Environment Variables (os.getenv("DOC_ENGINE")): Influence test behavior based on the configured document engine backend.

Usage Example

A typical test case flow in this file:

Prepare a payload dictionary with parameters such as "question", "dataset_ids", "page", "page_size", etc.
Obtain valid API authorization from a fixture.
Call retrieval_chunks with the authorization and payload.
Assert that the response's code, message, and returned chunk count match expected values.

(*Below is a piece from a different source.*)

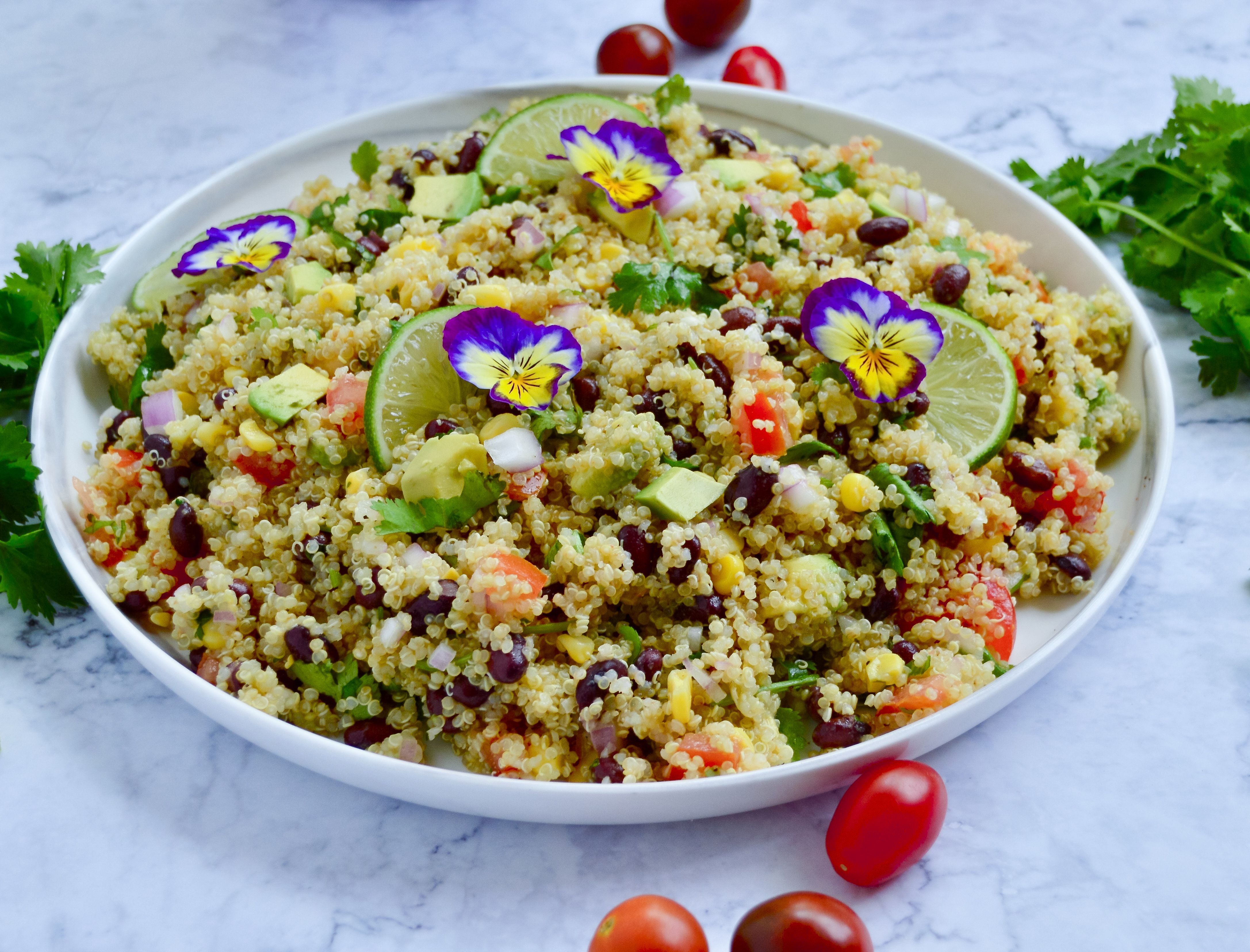 The most delicious and fresh Mexican Quinoa Salad of all time. Full of things you most likely already have on hand! This is a complete meal, but also goes great with your favorite protein choice. The salad is vegan friendly, gluten and refined sugar free.

def test_example(HttpApiAuth, add_chunks):
    dataset_id, _, _ = add_chunks
    payload = {"question": "example", "dataset_ids": [dataset_id], "page_size": 3}
    res = retrieval_chunks(HttpApiAuth, payload)
    assert res["code"] == 0
    assert len(res["data"]["chunks"]) == 3

Mermaid Diagram: Class Structure

classDiagram
    class TestAuthorization {
        +test_invalid_auth(invalid_auth, expected_code, expected_message)
    }
    class TestChunksRetrieval {
        +test_basic_scenarios(HttpApiAuth, add_chunks, payload, expected_code, expected_page_size, expected_message)
        +test_page(HttpApiAuth, add_chunks, payload, expected_code, expected_page_size, expected_message)
        +test_page_size(HttpApiAuth, add_chunks, payload, expected_code, expected_page_size, expected_message)
        +test_vector_similarity_weight(HttpApiAuth, add_chunks, payload, expected_code, expected_page_size, expected_message)
        +test_top_k(HttpApiAuth, add_chunks, payload, expected_code, expected_page_size, expected_message)
        +test_rerank_id(HttpApiAuth, add_chunks, payload, expected_code, expected_message)
        +test_keyword(HttpApiAuth, add_chunks, payload, expected_code, expected_page_size, expected_message)
        +test_highlight(HttpApiAuth, add_chunks, payload, expected_code, expected_highlight, expected_message)
        +test_invalid_params(HttpApiAuth, add_chunks)
        +test_concurrent_retrieval(HttpApiAuth, add_chunks)
    }

Summary

This file is a comprehensive test suite for the chunk retrieval API in InfiniFlow.
It validates authorization, parameter correctness, pagination, filtering, ranking, highlighting, and concurrency.
Uses pytest features like parameterization and fixtures for modular, maintainable tests.
Skips some tests conditionally to accommodate known issues and environment differences.
Includes concurrency testing to ensure thread-safe and performant retrieval operations.